In 1973, Dr. Spitz and collaborator, Russell Fisher, published “Forensic Death Investigation: A Guide to the Application of Pathology to Criminal Investigation,” which identified Dr. Spitz as the founder Modern forensic pathology. Later editions had a new co-author, his son Daniel, who as a boy took his father’s book to the basement to pored over its graphic photographs.

Dr. Spitz’s national reputation has long ensured that he is in demand as an expert witness in some of the country’s most high-profile murder cases.

Afterward OJ Simpson Acquitted in criminal court of the murders of his ex-wife Nicole Brown Simpson and her friend Ronald Goldman, Dr. Spitz testified in a civil case that small cuts on Mr. Simpson’s left hand were caused by Mrs. Simpson’s fingernails were caused as she fought for her life. . The jury found Mr. Simpson responsible for wrongful death.

In the trial of a Florida woman, Casey Anthony, who was accused of murdering her toddler daughter, Caylee, in 2008, Dr. Spitz was a defense witness, arguing that the girl had drowning. Dr. Spitz undermined a key part of the state’s murder charge by testifying that the duct tape, which prosecutors said was used to suffocate Caylee, was applied after she was already dead. He asserted that if she were alive there would be traces of skin on the sticky side of the tape. Mrs. Anthony was acquitted.

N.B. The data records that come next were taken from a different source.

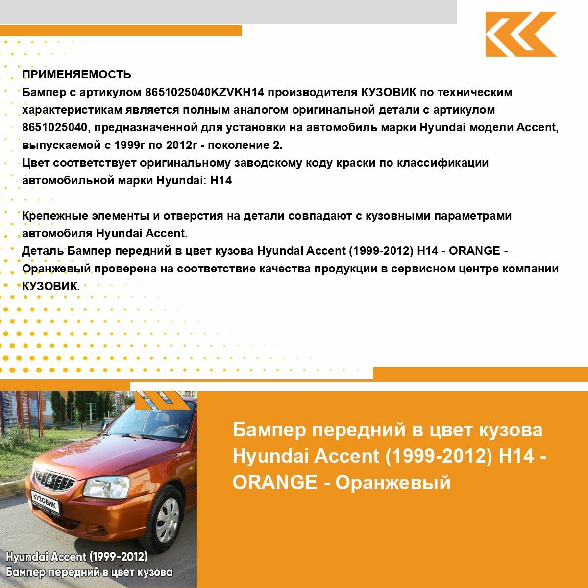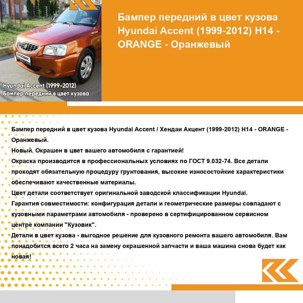 СохранитьБампер передний в цвет кузова для Хендай Акцент Hyundai Accent (1999-2012) H14 - ORANGE - Оранжевый интересное:
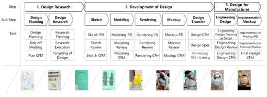 “Buddy” began with the need for a dynamic playground, enabling emotional interchange so that it can play with the child. This background starts with the child’s lack of peer experience which is critical for his/her development. It was introduced in the context of half of the babies are facing the lack of peer experience because their parents are too exhausted from working or childcare in South Korea [16,17]. For lonely children and exhausted parents, an interactive robot toy “Buddy” was designed to become a friend for children. Requirements and needs for the robot toy can be extracted from a series of design their processes.
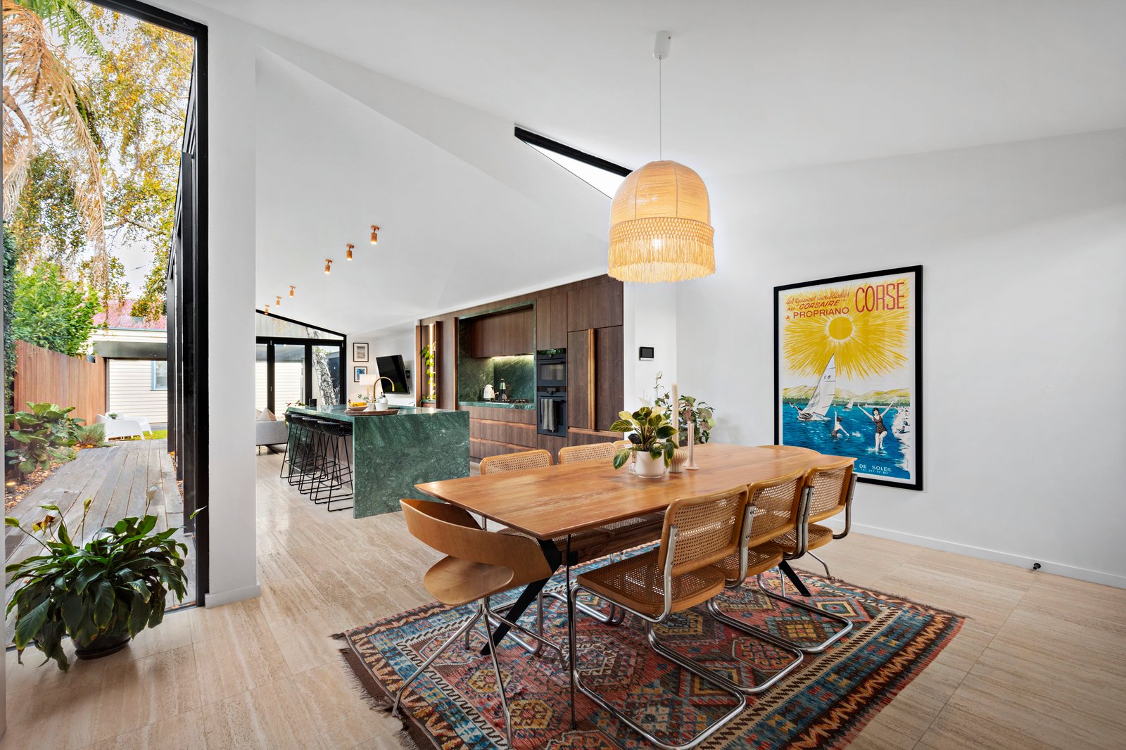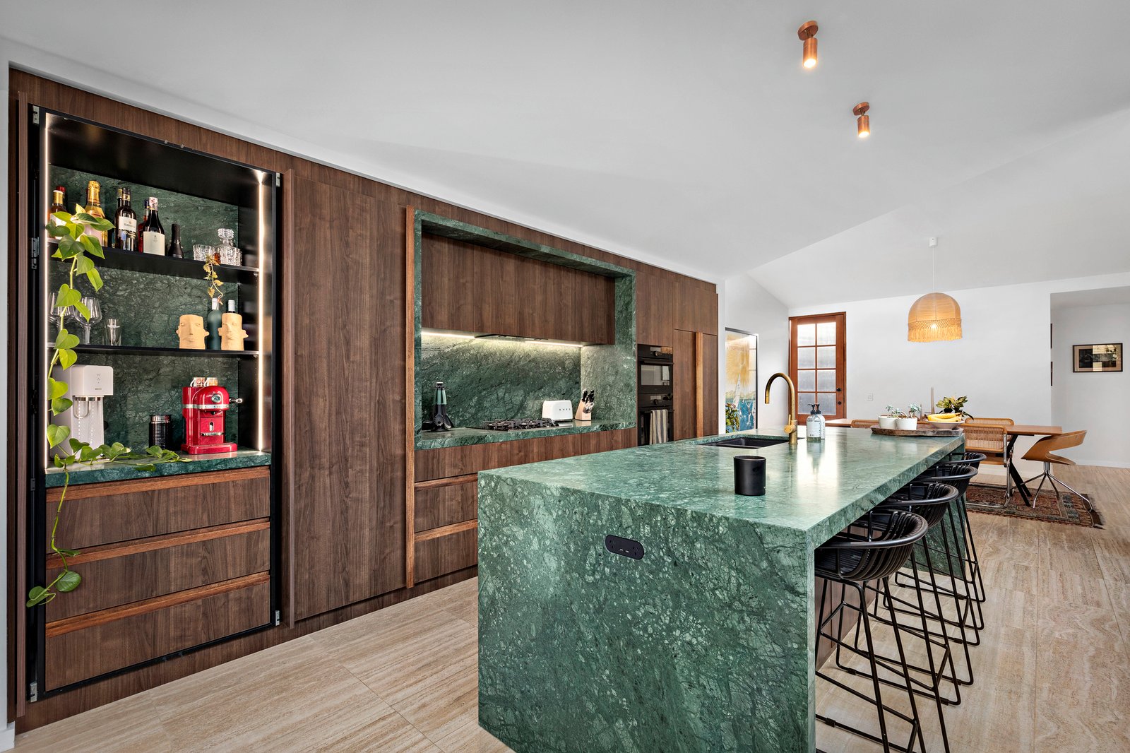 The secure garden entry affords incredible privacy and a true sense of seclusion leading to open-plan living and dining areas, enhanced by soaring vaulted ceilings and walls of glass-stacked doors, seamlessly merging with the lush rear garden. The showpiece kitchen mirrors the lush surroundings with its striking Verde marble benchtops, equipped with top-of-the-line Smeg and AEG appliances alongside an integrated French-door Fisher & Paykel fridge/freezer.

And in a famous 1986 New York City murder case, Dr. Spitz was a key prosecution witness against Robert E. Chambers Jr., whom the tabloids called “the young killer.” years old” Jennifer Levin, 18 years old, has a half-clothed body. found in Central Park. Mr. Chambers told police that he accidentally killed Ms. Levin during consensual sex and went too far.

But Dr. Spitz witness that Mr. Chambers had strangled Miss Levin by twisting her shirt into a noose. The defense attorney, in a cross-examination that turned into a shouting match, accused Dr. Spitz of switching sides, saying he had first told him another theory of death.

After nine days of deliberation in which the jury was unable to reach a verdict, Mr. Chambers pleaded guilty to a lesser charge.

At age 95, two years before his death, Dr. Spitz told Time that he did not shrink from examining human remains, but said that the truth about some deaths has a haunting power.

“It’s really not difficult for me to do it because I’ve done a lot of these cases,” he said. “But then I went home and went to bed and dreamed about it, and it was horrible.”